Northwest next argues that there are no trade secrets in this case because American failed to make reasonable efforts to keep the information confidential. It argues reasonable efforts require a continuing course of conduct to keep such materials secret. Northwest argues that the general non-disclosure clauses in American employment applications and other company regulations were not enough because there were no procedures to inform and review the provisions with the employees, and no policy statements defining exactly what is considered confidential information. While American did take precautions with respect to some of its information by stamping it confidential, requiring disclosure statements, and restricting access to it, none of the documents Northwest received were subject to such procedures it says. American knew how to set up proper security for information it deemed confidential, but chose not to take such steps with this material.

American argues that it has taken reasonable precautions to ensure the secrecy of its information. It requires employees to sign an employment application that warns against disclosure of trade secrets; it requires employee orientation and gives each *1115 employee a handbook containing specific provisions on maintaining confidentiality; it writes an annual conflict of interest letter to remind management level employees of their responsibilities in keeping information confidential; it restricts access to computer system through access codes; it maintains a reference library for the Pricing and Yield Management Department that requires signing a nondisclosure statement to sign out certain materials; and it excludes specific details from seminars and speeches given outside of American. American argues this is enough to create a fact issue over whether its precautions were reasonable under the circumstances to put its highly educated and technically trained employees on notice that the information taken to Northwest was confidential.

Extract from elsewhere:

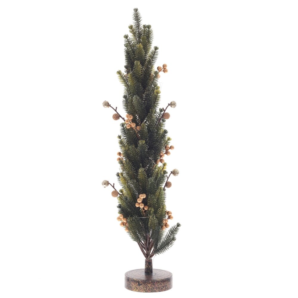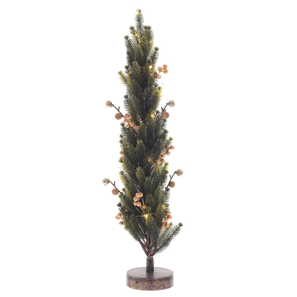 Декоративное изделие с подсветкой "Елка" – это изящная искусственная елочка, установленная на круглой подставке. Елка украшена веточками с золотыми ягодами, что создает праздничное настроение. Она дополнена гирляндой с мягким теплым светом, что придаёт интерьеру уют и атмосферу праздника. Это изделие работает от трех батареек типа AA (в комплект не входят), что позволяет легко размещать елочку в любом месте. Идеально подходит для новогодних декораций в доме или офисе.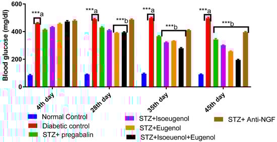 | STZ + isoeugenol + eugenol | 16.04 ± 6.71 ***,b |

Mere intention to keep material confidential is not enough to confer trade secret protection. Electro-Craft Corp. v. Controlled Motion. Inc, 332 N.W.2d 890, 902 (Minn.1983). Both the common law and the statute require showing that the intention was manifested by reasonable efforts to maintain secrecy. Id. (citing Jostens, Inc. v. National Computer Systems, Inc., 318 N.W.2d 691, 700 (Minn.1982)). Reasonable efforts to maintain secrecy requires a continuing course of conduct "by which the employer signals to its employees and to others that certain information is confidential and should not be disclosed." Electro-Craft Corp. v. Controlled Motion. Inc, 332 N.W.2d 890, 902 (Minn.1983). Absolute secrecy is not required, but the confidentiality measures must be "reasonable under the circumstances". Minn.Stat. § 325C.01 subd 5(ii). Confidentiality measures are sufficient "if, under all the circumstances, the employee or other person knows or has reason to know that the owner intends or expects the secrecy of the type of information comprising the trade secret to be maintained." Id.

The leading Minnesota case on this issue is Electro-Craft Corp. v. Controlled Motion. Inc, 332 N.W.2d 890 (Minn.1983). In Electro-Craft, the plaintiff claimed its manufacturing processes and technical specifications were trade secrets. Id. at 898. The Minnesota Supreme Court found no trade secrets existed because plaintiff had not taken reasonable steps to maintain secrecy of the information. Id. at 901. Plaintiff did not maintain physical security of the premises, did not label technical documents "confidential", and did not issue a policy statement on what it considered confidential. Id. at 902-03. The court noted that measures to identify confidential information are especially important in industries where employees frequently leave to work for competitors. Id. at 902. Also, employers must inform employees "in no uncertain terms" that secrets of a "nonintuitive nature" are not to be disclosed. Id. at 903.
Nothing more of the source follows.